This article introduces a cascaded multi-granularity pruning framework designed to deploy large language models on Industrial Internet of Things (IIoT) edge devices by removing layers, attention heads, and feed-forward channels in a coarse-to-fine order. The method utilizes lightweight low-rank recovery between stages to re-estimate component importance, addressing the collapse of existing structured pruning methods at high compression ratios.

  • The framework extends achievable compression to 13.8 times on Multi-Head Attention (MHA)+GELU architectures, achieving 83.82% accuracy, which is 3.70 percentage points higher than the strongest baseline.

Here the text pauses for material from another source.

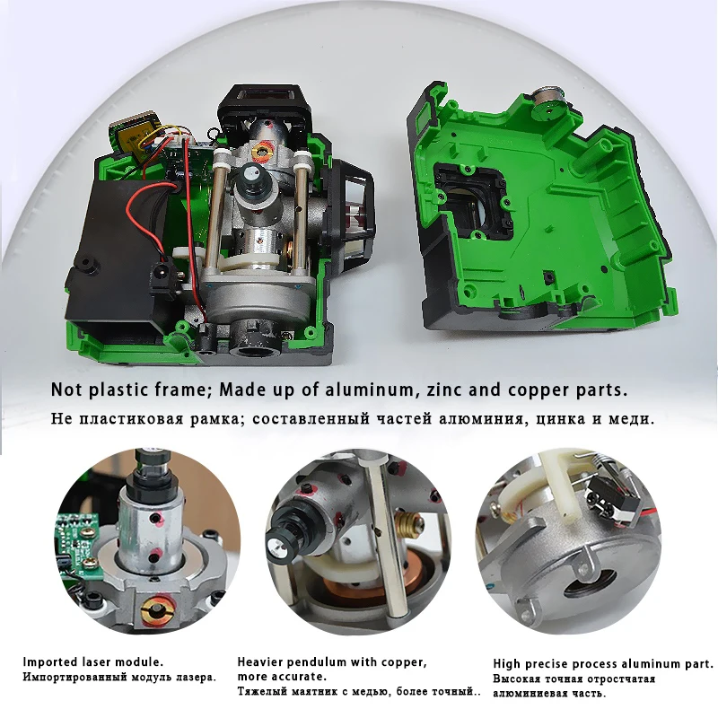 1) не пластиковая рама; Изготовлен из алюминия, цинка и меди.2) импортный лазерный модуль.3) более тяжелый маятник с медью, более точный. Вес нетто линейного лазера: 746 г4) Высокоточная технологическая алюминиевая часть.
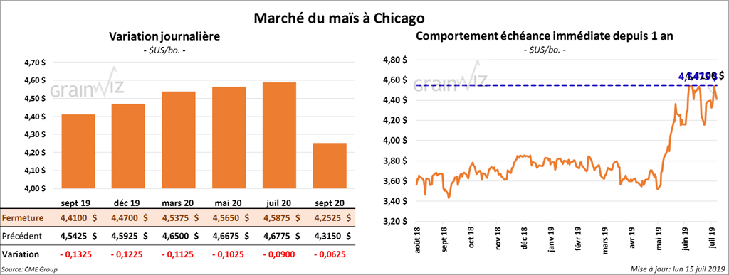La majorité des contrats de maïs US aux échéances les plus rapprochées ont terminé la session en baisse de 10 à 13 ¼ cents.

  • An information-theoretic analysis formalizes the Structural Independence Assumption (SIA), revealing that MHA+GELU designs satisfy this condition while Grouped Query Attention (GQA)+SwiGLU designs violate it.
  • Models violating the SIA experience an approximately 74 percentage point accuracy collapse, highlighting the importance of architectural compatibility for pruning reliability.
  • Deployment on an industrial slewing bearing fault diagnosis platform with NVIDIA DGX Spark reduced inference latency by up to 67.2% and peak memory by 62.5%.

The authors consider this significant because it demonstrates the viability of compressed models for IIoT edge inference, providing a checkable condition to predict pruning reliability based on specific architectural designs.